(Collection entries)
○ ○ ○ ○ ○ ○ ○

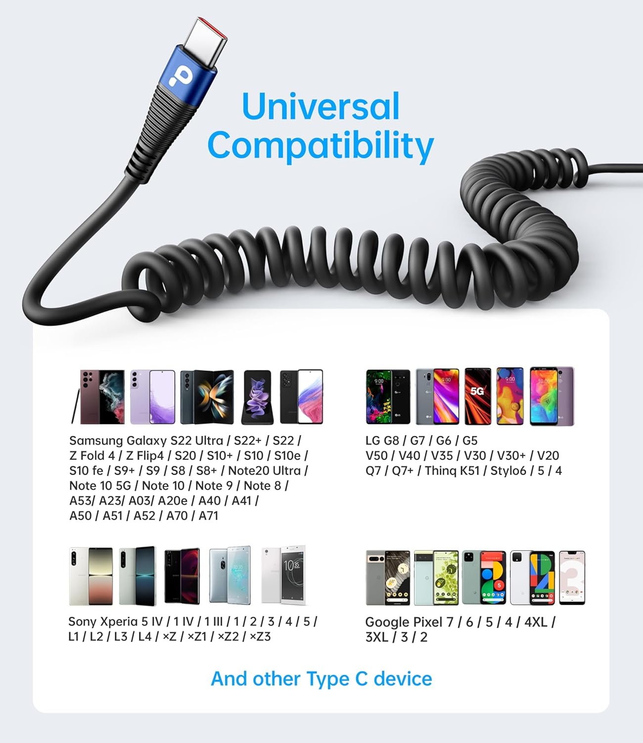 Elastic Coiled USB C to USB C Cable Made for Car: The USB Type-C cable is designed with stretchable, no tangle, no knot, and does not take up space. This coiled USB-C to USB-Ccharging cable is made of upgraded high quality PU material, which is flexible, easy to stretch, effortless, quick to rebound and not easily deformed.
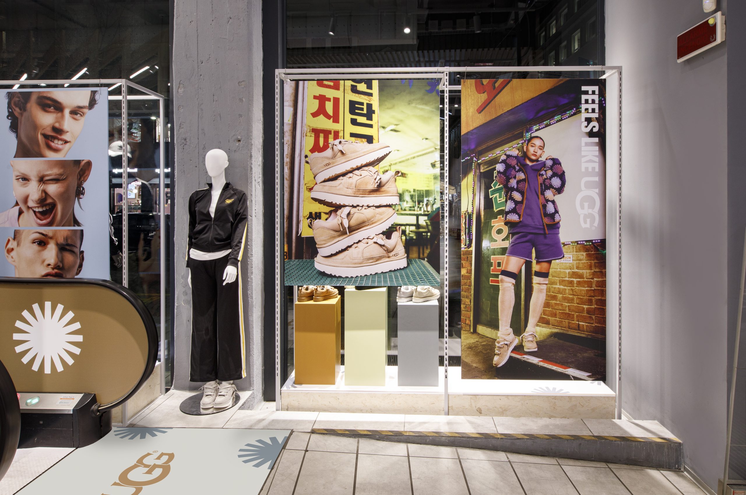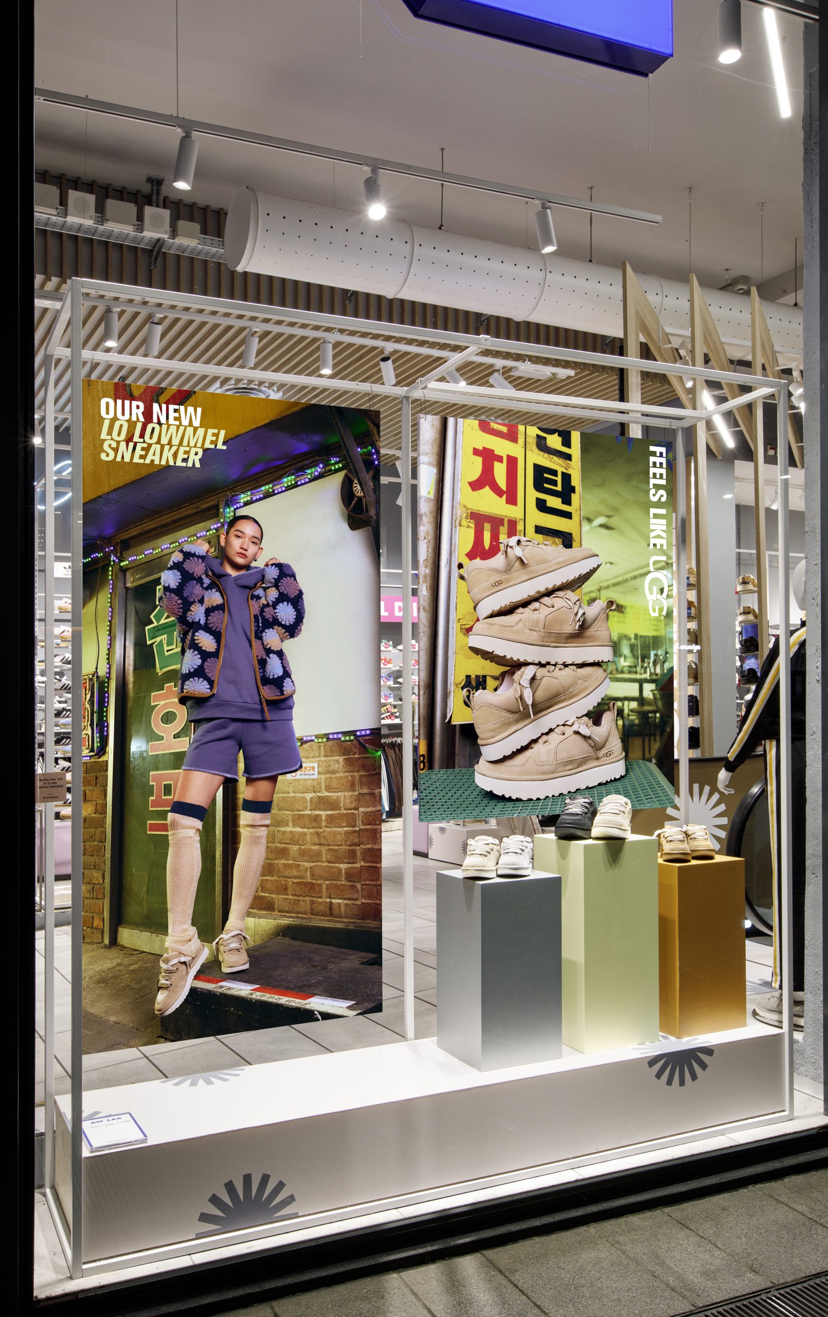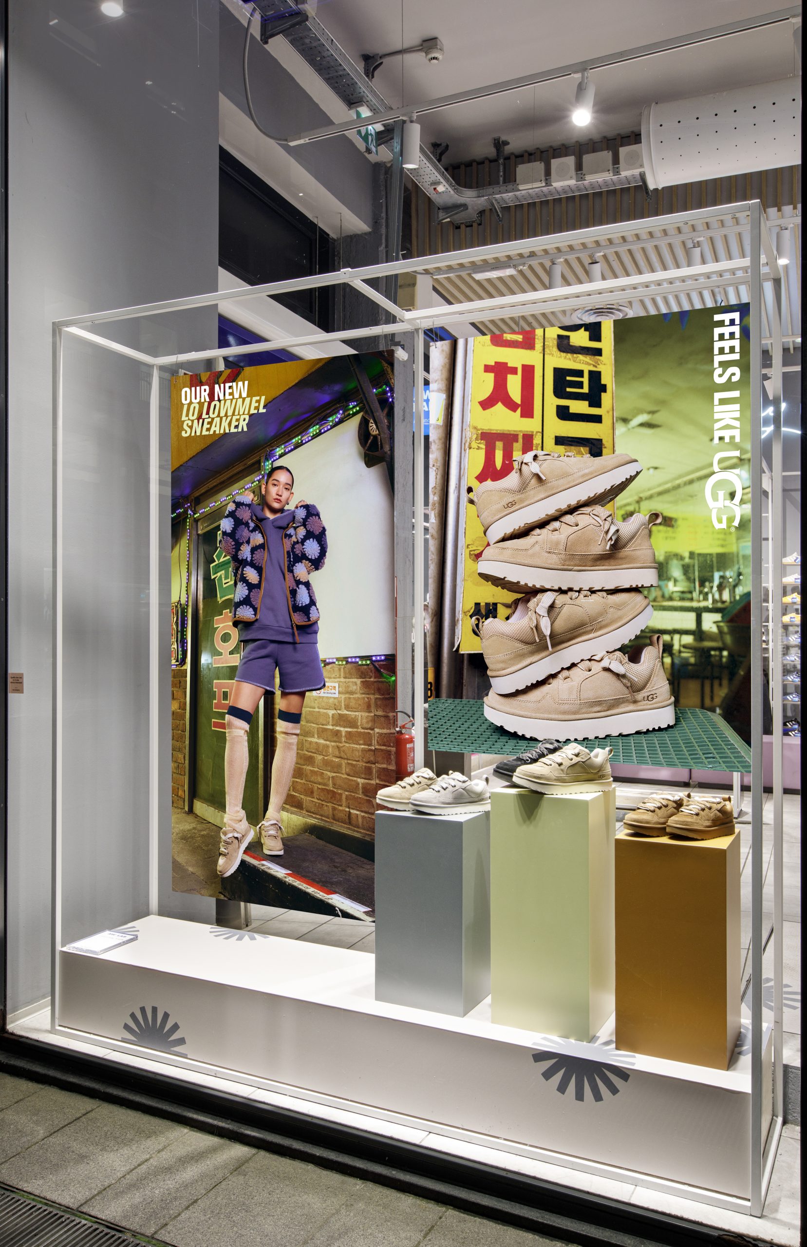 Per le vetrine dei flagship store AW LAB, abbiamo realizzato un allestimento su misura per UGG, combinando design e materiali di alta qualità:
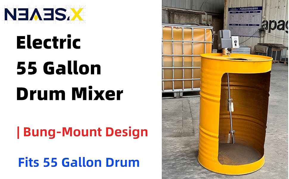 Electric 55 Gallon Bung Mount Drum Mixer, 400W 110V Drum Agitator for Closed-Head Steel Drums, 9.75 N·m High Torque Motor for Low to High Viscosity Liquids
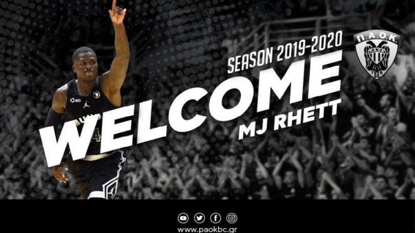 «Η ΚΑΕ ΠΑΟΚ ανακοινώνει τη συμφωνία της με τον Αμερικανό καλαθοσφαιριστή M.J. Rhett μέχρι το τέλος της αγωνιστικής περιόδου 2019-2020. Ο M.J. Rhett θα είναι στη Θεσσαλονίκη σήμερα (23/1) το μεσημέρι και θα ενσωματωθεί αμέσως με την ομάδα του ΠΑΟΚ.
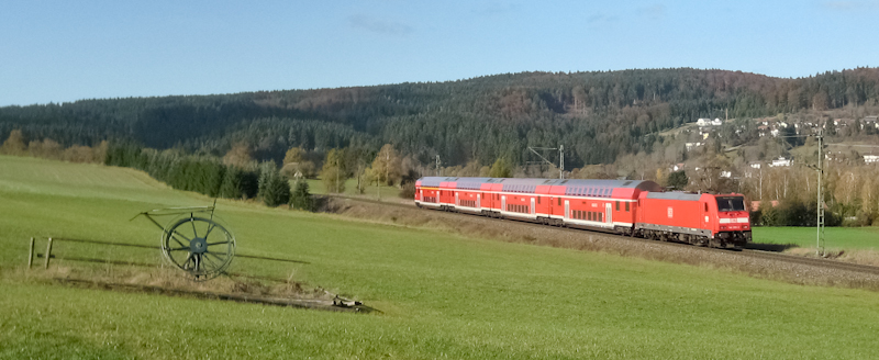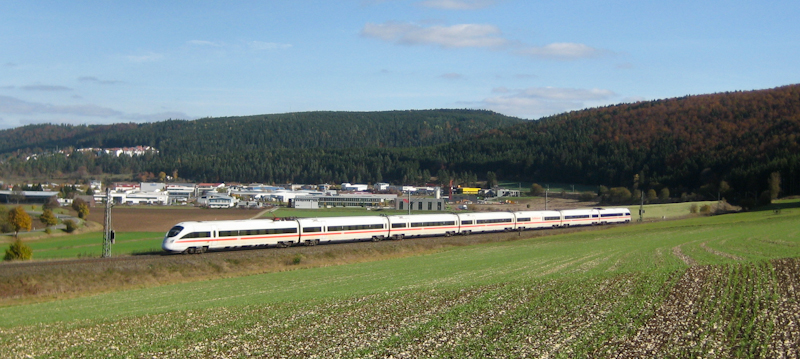 120 122-7 und 110 325-8 "Science Express" mit dem IC 2805 (Stuttgart Hbf-Singen(Hohentwiel))als Ersatz für ICE 283 bei Rottweil Saline 23.8.09 Andreas Hackenjos
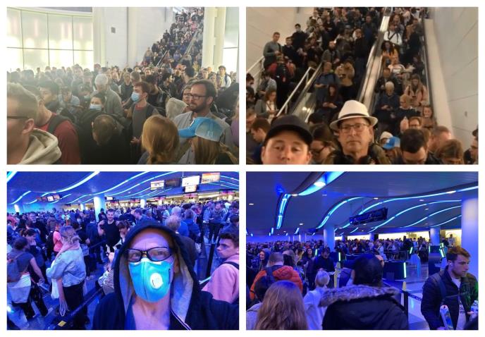 Svi korisnici društvenih mreža koji su okačili snimke sa prepunih aerodroma napominju da su satima morali da stoje u gužvi u kojoj je nemoguće držati propisano odstojanje,a da su ljudi generalno u panici jer ne znaju ko je iz kog žarišta stigao.

○ ○ ○ ○ ○ ○ ○

WHAT YOU WILL DO:
Leave out the pictures and set down all of the data exactly.

REPLY:
 Elastic Coiled USB C to USB C Cable Made for Car: The USB Type-C cable is designed with stretchable, no tangle, no knot, and does not take up space. This coiled USB-C to USB-Ccharging cable is made of upgraded high quality PU material, which is flexible, easy to stretch, effortless, quick to rebound and not easily deformed.
 Per le vetrine dei flagship store AW LAB, abbiamo realizzato un allestimento su misura per UGG, combinando design e materiali di alta qualità:
 Electric 55 Gallon Bung Mount Drum Mixer, 400W 110V Drum Agitator for Closed-Head Steel Drums, 9.75 N·m High Torque Motor for Low to High Viscosity Liquids
 «Η ΚΑΕ ΠΑΟΚ ανακοινώνει τη συμφωνία της με τον Αμερικανό καλαθοσφαιριστή M.J. Rhett μέχρι το τέλος της αγωνιστικής περιόδου 2019-2020. Ο M.J. Rhett θα είναι στη Θεσσαλονίκη σήμερα (23/1) το μεσημέρι και θα ενσωματωθεί αμέσως με την ομάδα του ΠΑΟΚ.
 120 122-7 und 110 325-8 "Science Express" mit dem IC 2805 (Stuttgart Hbf-Singen(Hohentwiel))als Ersatz für ICE 283 bei Rottweil Saline 23.8.09 Andreas Hackenjos
 Svi korisnici društvenih mreža koji su okačili snimke sa prepunih aerodroma napominju da su satima morali da stoje u gužvi u kojoj je nemoguće držati propisano odstojanje,a da su ljudi generalno u panici jer ne znaju ko je iz kog žarišta stigao.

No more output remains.